There’s a pattern I keep seeing in security architecture reviews of enterprise AI systems. Teams spend a full afternoon debating prompt injection defenses, input validation strategies, and content moderation thresholds. Then someone asks about the document ingestion pipeline — the thing that feeds the retrieval system — and the room goes quiet. “That’s all internal data,” someone says. The conversation moves on.

That assumption is wrong, and research published over the past eighteen months has proven it, repeatedly, with numbers that are hard to dismiss.

RAG was supposed to fix the hallucination problem. Ground the model in real, verified documents, and it produces real, verified answers. That framing is accurate as far as it goes. But the security implication — that grounding an LLM in “trusted” documents makes the system more trustworthy — doesn’t follow. It introduces a new class of attack surface that most organizations aren’t testing at all.

What a RAG Pipeline Actually Looks Like

Before talking about attack surfaces, it helps to be precise about what we’re analyzing. A production RAG pipeline isn’t one thing — it’s a sequence of distinct components, each with its own trust boundary and its own failure mode under adversarial pressure.

RAG Pipeline — Attack Surface Map
DATA SOURCES ① INGESTION EMBED- DING MODEL ② EMBEDDING VECTOR DATABASE ③ VECTOR DB RETRIEVAL LOGIC ④ RETRIEVAL LLM + GENERATION ⑤ OUTPUT POISONING DIRECT WRITE INDIRECT INJ. USER TRUST BOUNDARY: inputs validated → retrieved context implicitly trusted (this is the problem)
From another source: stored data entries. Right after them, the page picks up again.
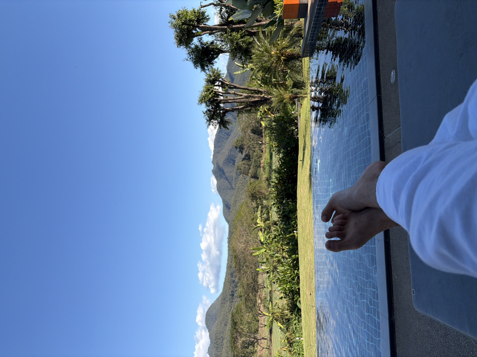 The scene depicts an outdoor setting in Pai, Thailand, viewed from a reclining position. In the immediate foreground, the bare feet and lower legs of an individual, clad in a white robe or towel, are visible, crossed at the ankles while resting on a dark grey lounge chair. Directly ahead is an infinity-edge swimming pool featuring blue square tiles, reflecting the clear blue sky and adjacent trees. Beyond the pool, a strip of manicured green grass leads to a dense expanse of tropical vegetation, including banana trees and various leafy plants, transitioning into what appears to be cultivated farmland. The background is dominated by a range of forested mountains under a clear blue sky with scattered white clouds. To the right of the pool, several tall, slender trees with foliage at their crowns, along with broad-leaved plants and a large succulent in an orange planter, are visible.
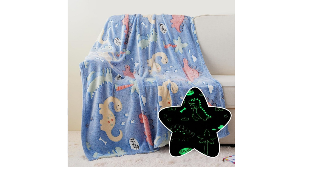 Bunnikins & Clover Glow in The Dark Dinosaur Blanket Gifts for 1-10 Year Old Boys Girls
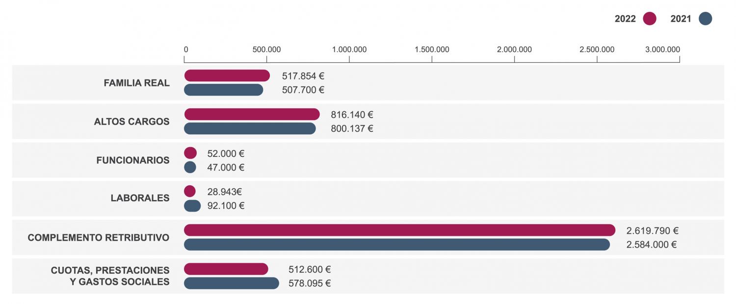 Los altos cargos reciben 816.140 euros. El que más cobra es el Jefe de la Casa Real, Jaime Alfonsín, que cobra 147.204 euros brutos, seguido de Domingo Martínez Palomo, secretario general, que cobra 145.789 euros brutos. Los funcionarios de carrera reciben 52.000 euros, mientras que el personal laboral recibe 28.943 euros.
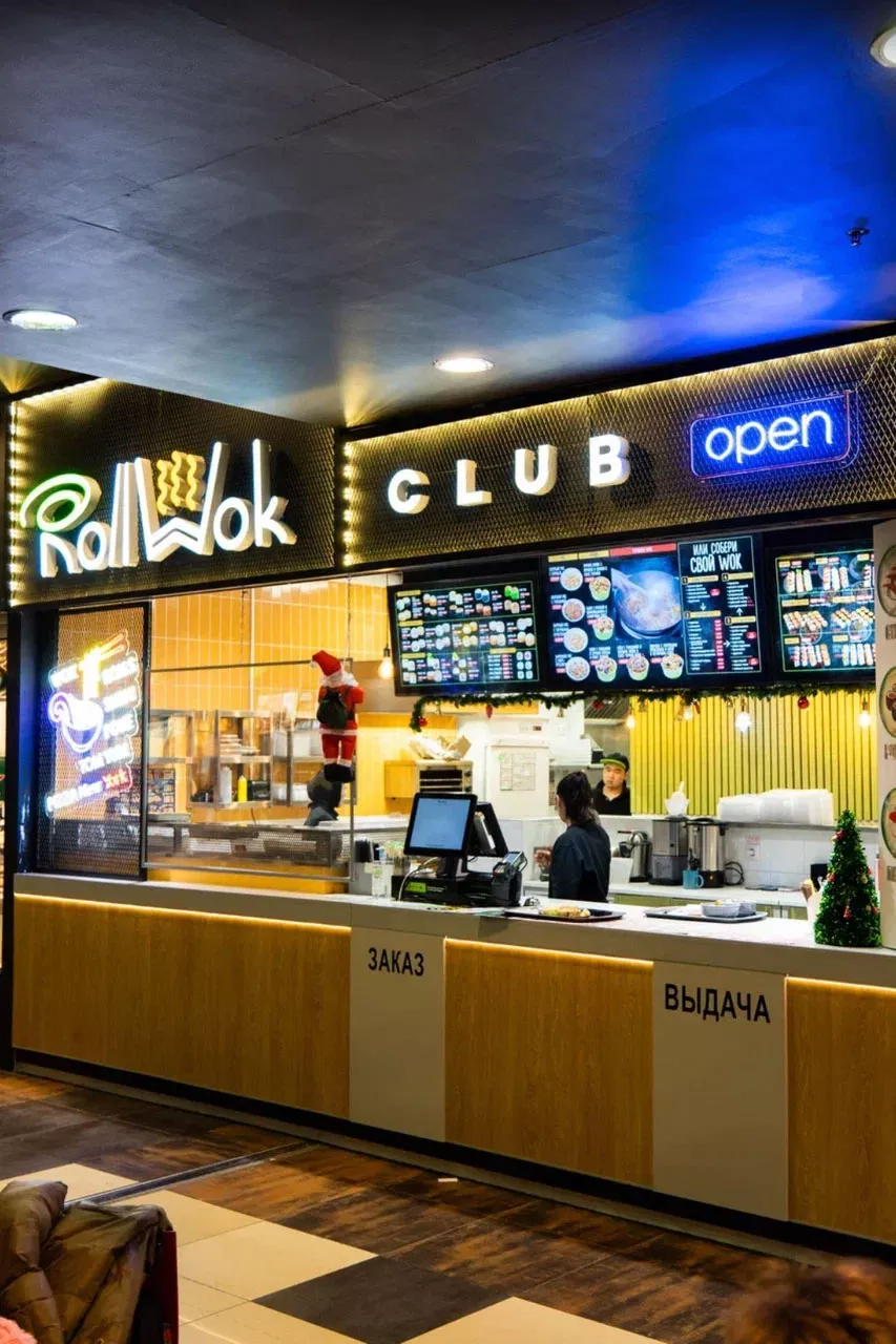 Брендирование торговых точек суши-бара «Roll Wok Club» в Лесном

The trust inversion at the bottom of that diagram is the root cause of most RAG vulnerabilities. User inputs get sanitized, rate-limited, flagged by classifiers. Retrieved context — the documents the system selects and drops directly into the prompt — gets treated as trusted. This isn’t a bug in any single implementation. It’s an architectural assumption baked into how RAG was designed.

Attack Surface 1: Knowledge Base Poisoning

This is where the most consequential research is happening right now, and the numbers are genuinely alarming.

PoisonedRAG, presented at USENIX Security 2025 by researchers at Pennsylvania State University and the Illinois Institute of Technology, demonstrated something that should change how you think about knowledge base security. Five carefully crafted documents injected into a knowledge base containing millions of texts can corrupt AI responses for targeted queries with a 90% attack success rate. Not in a toy environment — across real benchmark datasets, evaluated against multiple LLMs.

90%
PoisonedRAG success rate with just 5 injected documents (USENIX Security 2025)
97%
HijackRAG peak attack success rate, black-box setting, HotpotQA/LLaMA3 (arXiv 2410.22832)
9.3
CVSS score, EchoLeak (CVE-2025-32711) — zero-click M365 Copilot data exfil
74%
Poisoning success rate against unsanitized PDF/doc data loaders (arXiv research, 2025)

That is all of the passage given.